FIG. 1 shows a radial section through a radial piston pump. The radial piston pump essentially consists of a cylinder insert 4 in a pump housing 1 and two cylinders inserts 4 offset against each other at an angle of 90 degrees. Each cylinder insert 4 features a cylinder space 21, in which a pump piston 3 is arranged such that it can be moved to and fro in each instance. The pump piston 3 is driven by a camshaft 5 by way of a roller plunger 6. Here, the camshaft 5 can comprise one or a number of cams. The roller plunger 6 includes a plunger 7, a roller 8 and a roller bolt 18. The plunger features a fork-shaped recess 17 for accommodating the roller 8. The roller 8 is arranged in a rotatably mounted manner between the fork shafts with the aid of a roller bolt 18. The plunger 7 features a guide area 9, with which said plunger is guided in a first slot-shaped guide groove 10 of the cylinder insert 4 (see also FIGS. 3 and 4). The first slot-shaped guide groove 10 is preferably designed to be parallel to the longitudinal axis of the pump piston 3. This ensures reliable guidance of the roller plunger 6. The guide groove 10 which is designed to be parallel to the longitudinal axis of the pump piston 3 can be introduced into the cylinder insert 4 in a simple manner, by means of milling for instance.
The plunger 7 is particularly preferably connected to the pump piston 3 in a form-fit manner. To this end, the plunger 7 features a T-groove 19, which forms the form-fit connection with a shoulder 20 formed on the pump piston 3. The form-fit connection ensures a reliable connection between the roller plunger 6 and the pump piston 3 even with high rotational speeds of the radial piston pump. In addition, a particularly simple assembly of the two components results from the T-groove.
To ensure that the roller plunger 6 and the pump piston 3 are constantly in contact with the camshaft 3 during the pump operation, a return spring 13 is arranged between the cylinder insert 4 and the roller plunger 6. To this end, the roller plunger 6 and the cylinder insert 3 comprise specially designed contact surfaces 14, 15. The roller plunger 6 is contacted particularly preferably by way of a disk 16 resting against the plunger 7. The disk 16 is designed here such that it is arranged on the outer periphery of the cylinder insert with slight play.
The mode of operation of the radial piston pump can be seen from FIG. 2. It essentially equates to the function of conventional radial piston pumps with a guide shoe arrangement.
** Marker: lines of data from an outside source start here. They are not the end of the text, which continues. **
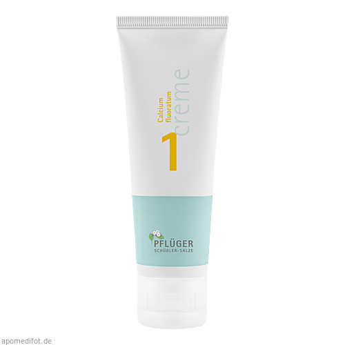 Biochemie Pflüger® Creme Nr. 1 Calcium fluoratum, Zusammensetzung: 10 g Creme enthalten: Wirkstoff: Calcium fluoratum Trit. D4 0,1 g. Sonstige Bestandteile: Benzylalkolhol, Cetylpalmitat (Ph. Eur.), Cetylstearylalkohol (Ph. Eur.), Natriumcitrat, Octyldodecanol (Ph. Eur.), Polysorbat 60, Propylenglycol, Sorbitanstearat, gereinigtes Wasser. Registriertes homöopathisches Arzneimittel, daher ohne Angabe einer therapeutischen Indikation. Gegenanzeigen: Überempfindlichkeit (Allergie) gegen den Wirkstoff oder einen der sonstigen Bestandteile, Anwendung im und am Auge, Anwendung auf den Schleimhäuten, Anwendung auf geschädigter Haut, Kinder unter 4 Jahren. Nebenwirkungen: keine bekannt. Creme enthält Propylenglycol und Cetylstearylalkohol. Packungsbeilage beachten. Zu Risiken und Nebenwirkungen lesen Sie die Packungsbeilage und fragen Sie Ihre Ärztin, Ihren Arzt oder in Ihrer Apotheke. Homöopathisches Laboratorium Alexander Pflüger GmbH & Co. KG · 33378 Rheda-Wiedenbrück · info@pflueger.de · www.pflueger.de
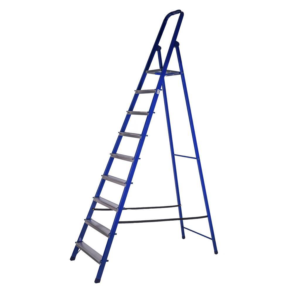 Стремянка стальная STAIRS односекционная с алюминиевыми ступенями 9 ступеней CS09 это универсальная и простая в использовании стремянка, которая подойдет как для бытовых задач, так и для ремонта. Каркас изготовлен из стали, которая обеспечивает надежность, прочность и усиливает устойчивость конструкции. Сталь покрыта порошковой краской, которая защищает изделие от коррозии.
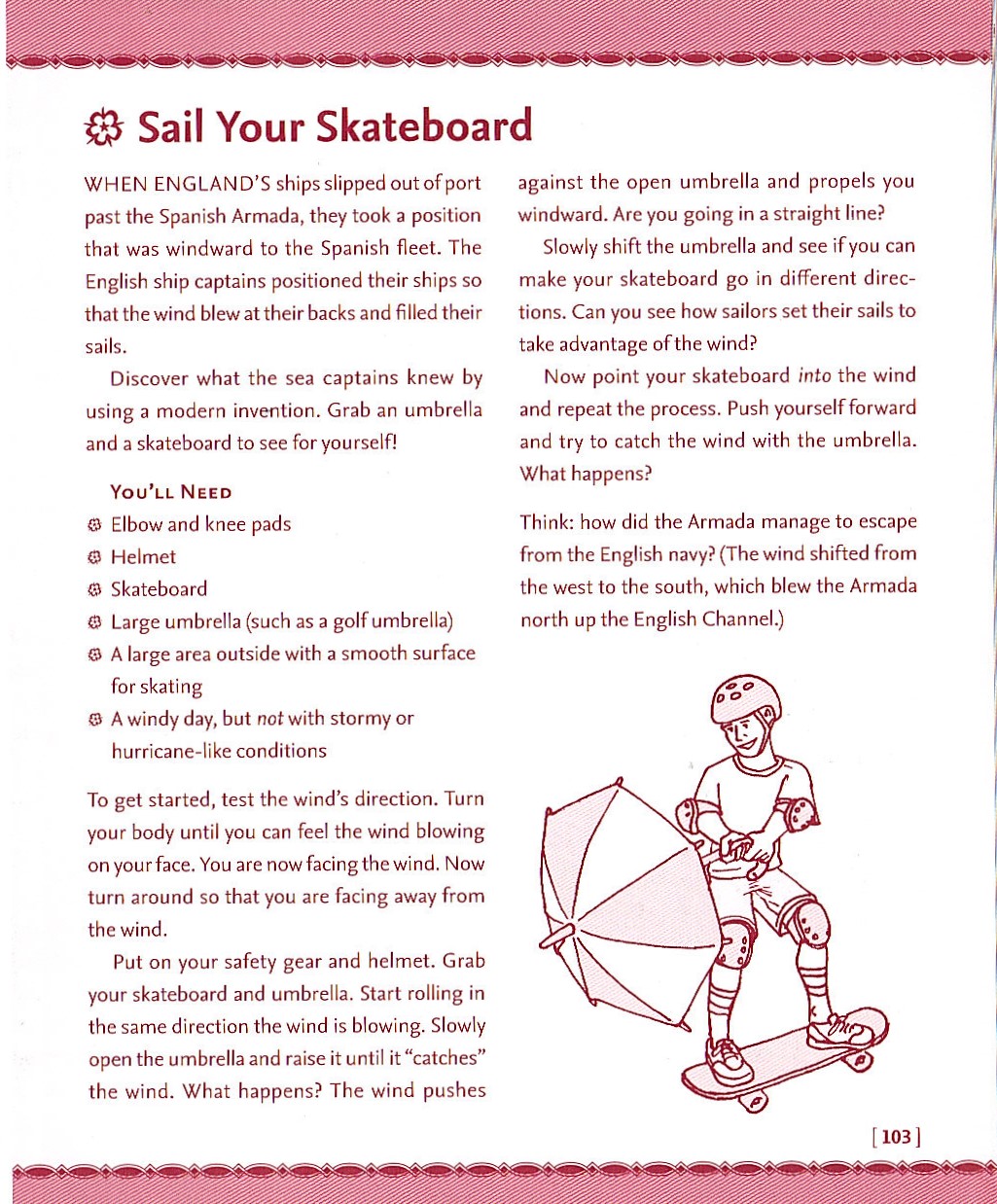 Thinking about the Armada led to this blog post. See what you can do with an umbrella when the wind picks up. From Elizabeth I: the People’s Queen, "Sail Your Skateboard” (and learn a bit about the Spanish Armada.)
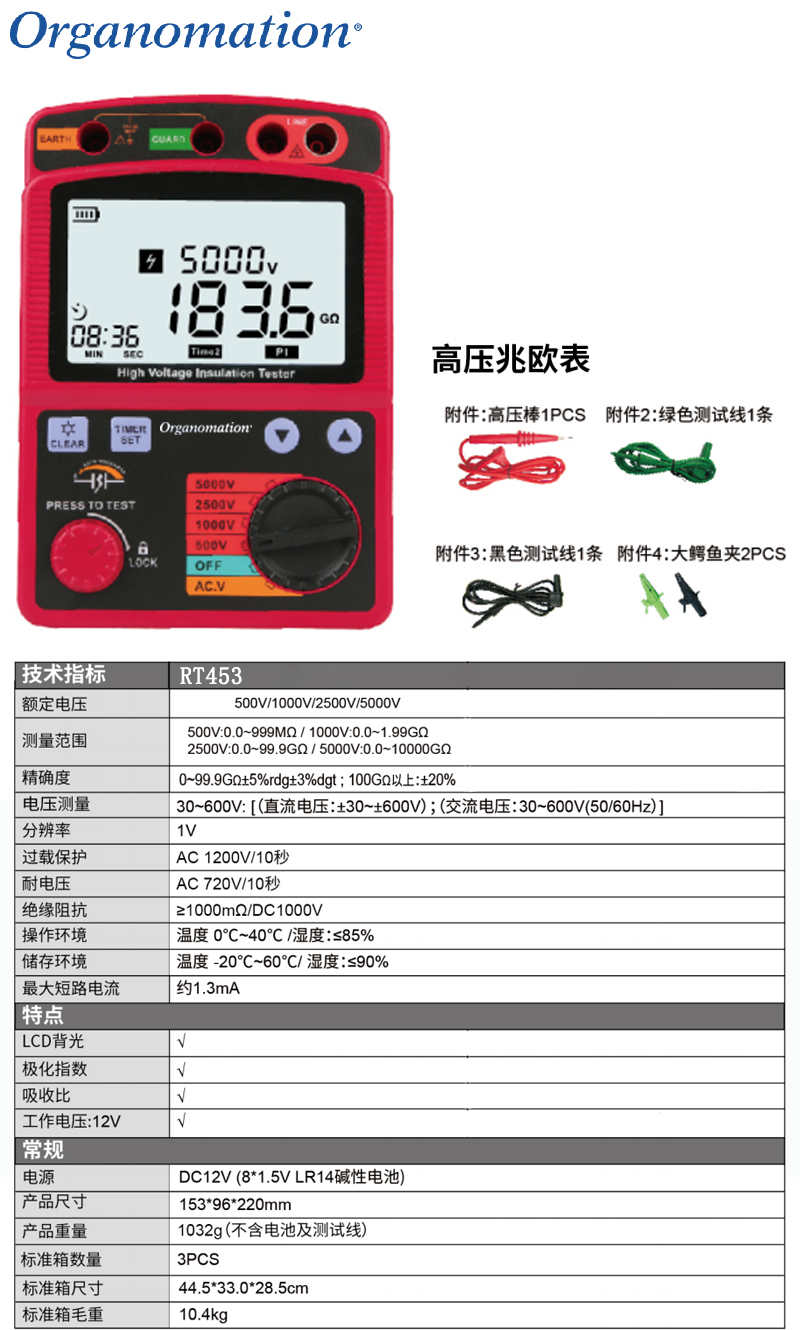 规格:  额定电压:500V/1000V/2500V/5000V 制造商型号:  RT453
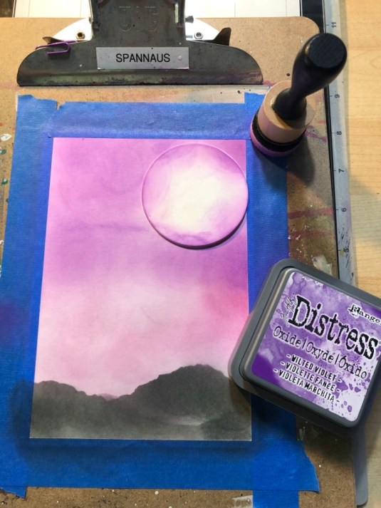 Here I used Tim Holtz Distress Oxide Black Soot, Wilted Violet, Seedless Preservers, Dusty Concord and Hickory Smoke.
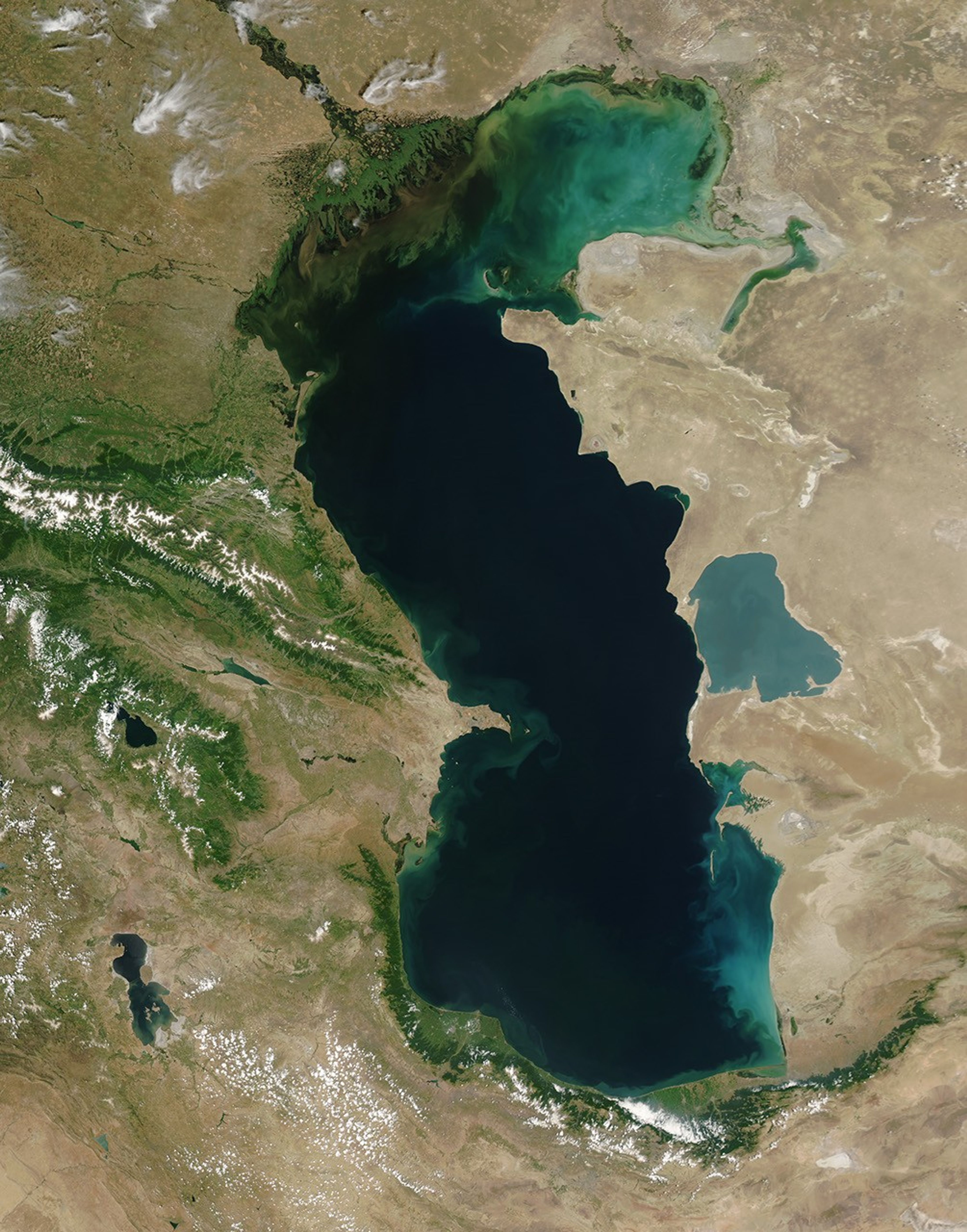 The added fertilizers nourish the algal blooms that grow on the surface of the sea, allowing them to grow larger. When they die, the plants begin to sink and are consumed by bacteria. A thick layer of decaying plants can suck all of the oxygen out of the water, leaving pockets of oxygen-poor water where fish cannot survive. For this reason, large algal blooms can result in fish kills. While most of the green seen in the Caspian Sea in this image appears to be diluted mud, some may be phytoplankton or algal blooms, particularly in the lower right corner of the image.
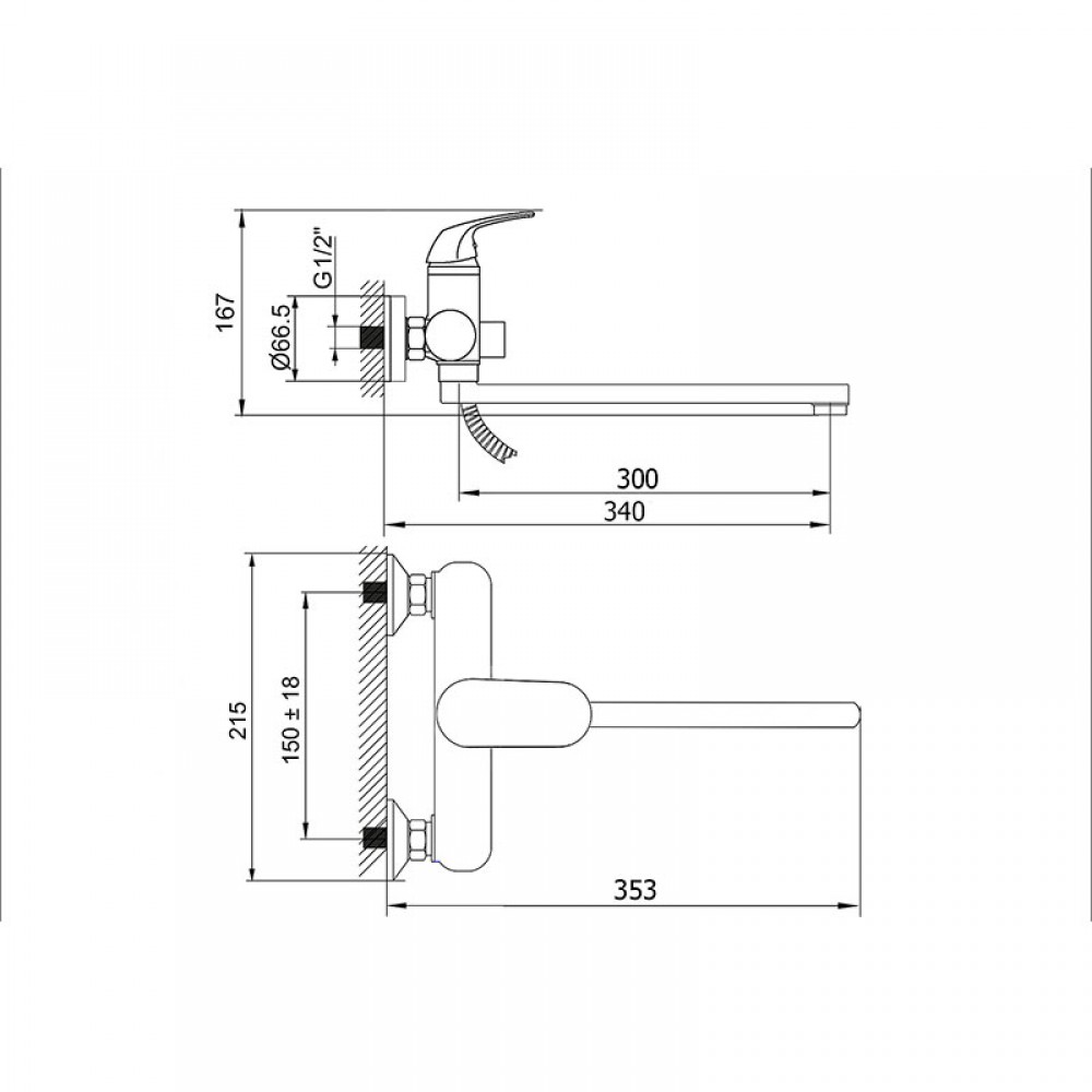 - ✓ Межцентровое расстояние: 150 мм
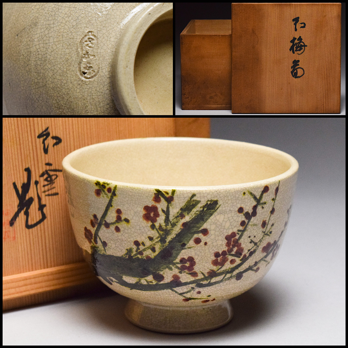 - 【八八八】さが楽 瓢箪印 紅梅図 茶碗 ◆共箱 茶道具 抹茶碗 【y-248】
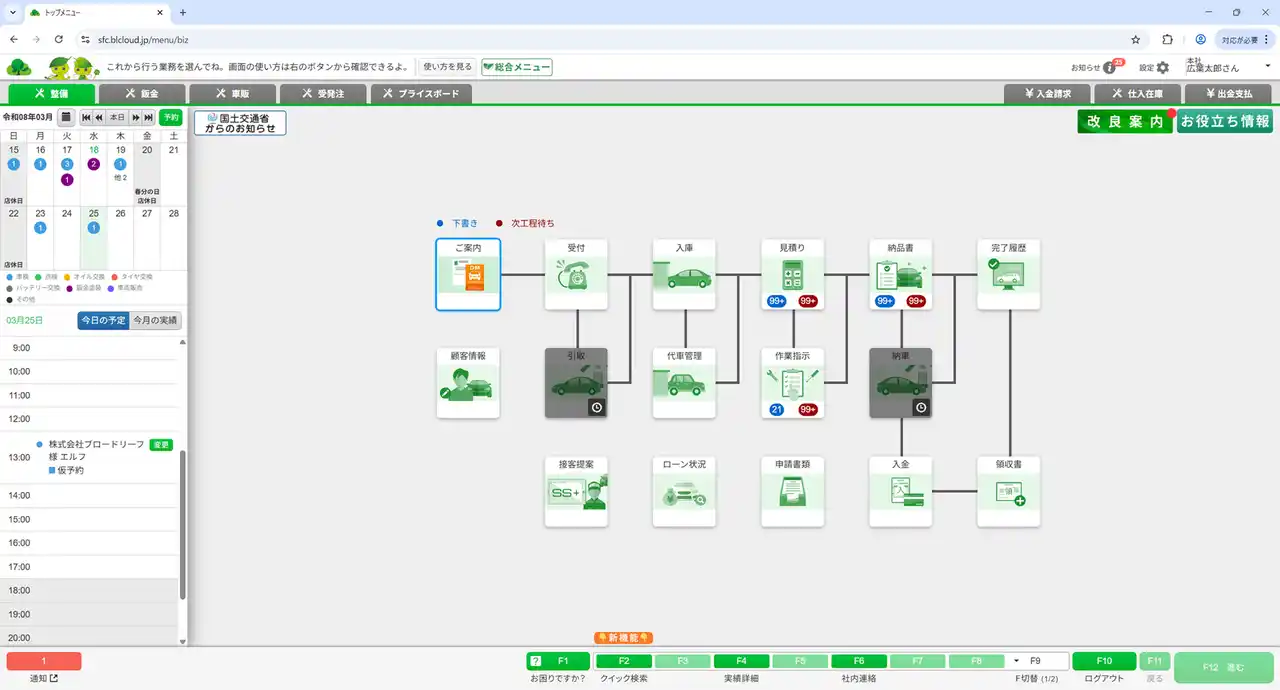 株式会社WECARS(本社:東京都千代田区、以下「WECARS」)は、国土交通省による車検業務のコンプライアンス強化ガイドラインに基づき、モビリティ関連事業者向けにシステムの開発・提供を行う株式会社ブロードリーフ(本社:東京都品川区、以下「ブロードリーフ」)が提供する業務クラウドサービス「Maintenance.c(メンテナンスドットシー)」を採用し、新たな車検・整備システムの運用を開始しました。 |
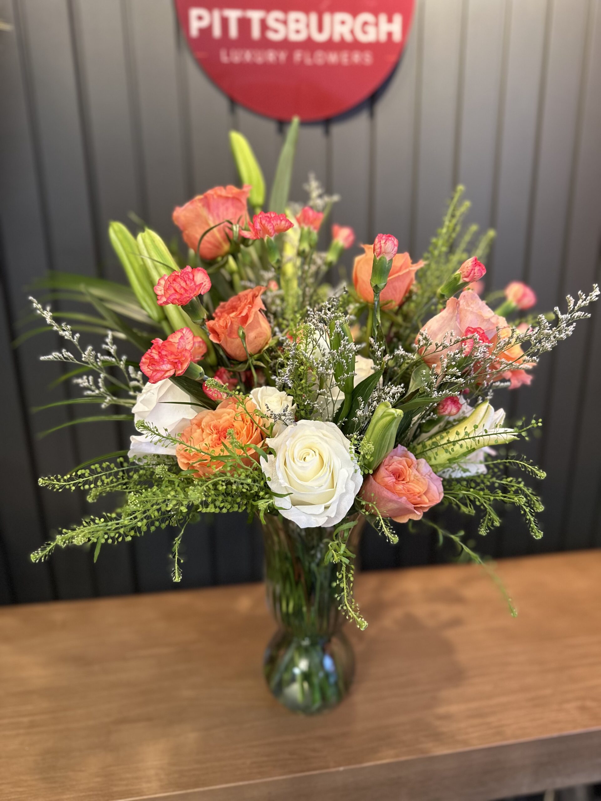A luxurious large size vase arrangement featuring coral roses, white blooms, and lush greenery a perfect blend of color and sophistication. Ideal for birthdays, celebrations, or elegant home décor.
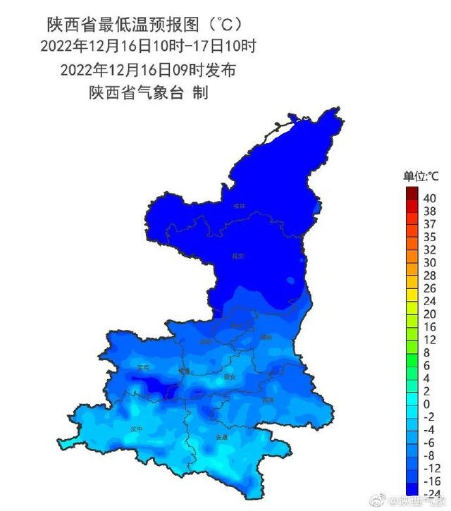 最低气温出现在17日早上,其中陕北北部-19~-17℃,陕北南部-17~-15℃,关中北部-13~-11℃,关中南部-8~-6℃,商洛-10~-8℃,汉中、安康-7~-4℃,秦岭山区-21~-15℃,巴山-12~-8℃。
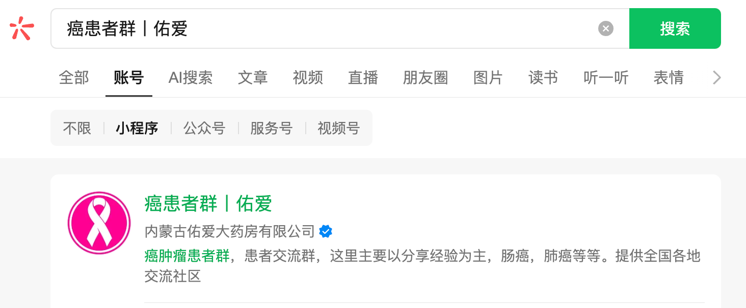 我的小程序在小程序搜索名称搜索不出来。名称是佑爱癌症化疗圈。我的appid是:wx3ee4d01e63e37e0d。请官方麻烦看下哦。搜索全称也没有
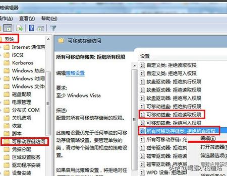 4、第四招:策略组方法 更换一个usb插口,然后使用组合键(win键+r)打开运行窗口,并输入“gpedit.msc”再点击“确定”按钮。依次点击“计算机配置——管理模块——系统——可移动存储访问”在右侧中找到“可移动磁盘:拒绝读取权限”和“所有可移动磁盘:拒绝读取权限”单击右键点击“编辑”选项: 接着在弹出的窗口中点击“已禁用”单选按钮,在点击“应用——确定”按钮。

During the intake stroke of the pump piston 3, the fuel enters the cylinder space 21 by way of a suction valve 22, leaves the cylinder space 21 following the compression by way of a high-pressure valve 23 and is fed to a high-pressure accumulator (not shown).
The form-fit connection of the roller 8 with the plunger 7 is particularly apparent in FIG. 2. To this end, the plunger 7 features a fork-shaped recess 17. The roller 8 is mounted in a rotatable manner between the fork shanks of the recess 17 with the aid of a roller bolt 18. Each fork shank features a recess bore for the purpose of accommodating the roller bolt 18. In this recess bore, the roller bolt 18 is fastened with an interference fit so that the components are arranged in a captive manner.
FIG. 3 shows a three-dimensional exploded view of the radial piston pump shown in FIGS. 2 and 2. This gives a particularly good view of the guidance of the roller plunger 6 in the cylinder insert 4. To this end, the plunger 7 has a guide area 9, with which said plunger is guided in a first slot-shaped guide groove 10 of the cylinder insert 4. Because of this guide the plunger 7 is prevented from twisting about its longitudinal axis. The slot-shaped guide groove 10 is designed to be parallel to the longitudinal axis of the pump piston 3. The design parallel to the longitudinal axis is particularly advantageous in manufacturing terms. Another design of the guide groove 10 is however naturally also possible.
The roller 8 is guided in a second slot-shaped guide groove 12 of the cylinder insert 4. Safeguarding against twisting is herewith further increased.
FIG. 4 shows the radial piston pump in a three-dimensional representation in an assembled state. The pump housing is not shown in this figure in order to improve clarity. The guidance of the plunger 7 in the cylinder insert 4 is shown particularly well again in the figure. In particular, it is also apparent from the figure that the disk 16 for accommodating the return spring 13 rests on a shoulder of the plunger 7 and is guided on the outer circumference of the cylinder insert 4.
The radial piston pump is preferably of a modular design. This means that the pump units 2 can essentially be preassembled as autonomous components prior to assembly of the radial piston pump.
The fact that a plunger is embodied with guide areas, which are guided in at least one slot-shaped guide groove, reliably prevents the roller plunger from twisting. This considerably increases the operational reliability of the radial piston pump compared to the prior art. In particular, the radial piston pump is especially suited to high rotational speeds, as occur for instance with high-pressure fuel pumps, for which the present invention is particularly suited.

Claims

1. A radial piston pump, having a pump housing and at least one pump unit comprising a pump piston and a cylinder insert in which the pump piston is mounted such that it can be moved to and fro, it being possible for

the pump unit to be driven by means of a camshaft mounted in the pump housing, and

a roller plunger comprising a plunger and a roller to be arranged between the camshaft and the pump unit,

wherein

the plunger comprises a guide area, with which said plunger is guided in a first slot-shaped guide groove of the cylinder insert.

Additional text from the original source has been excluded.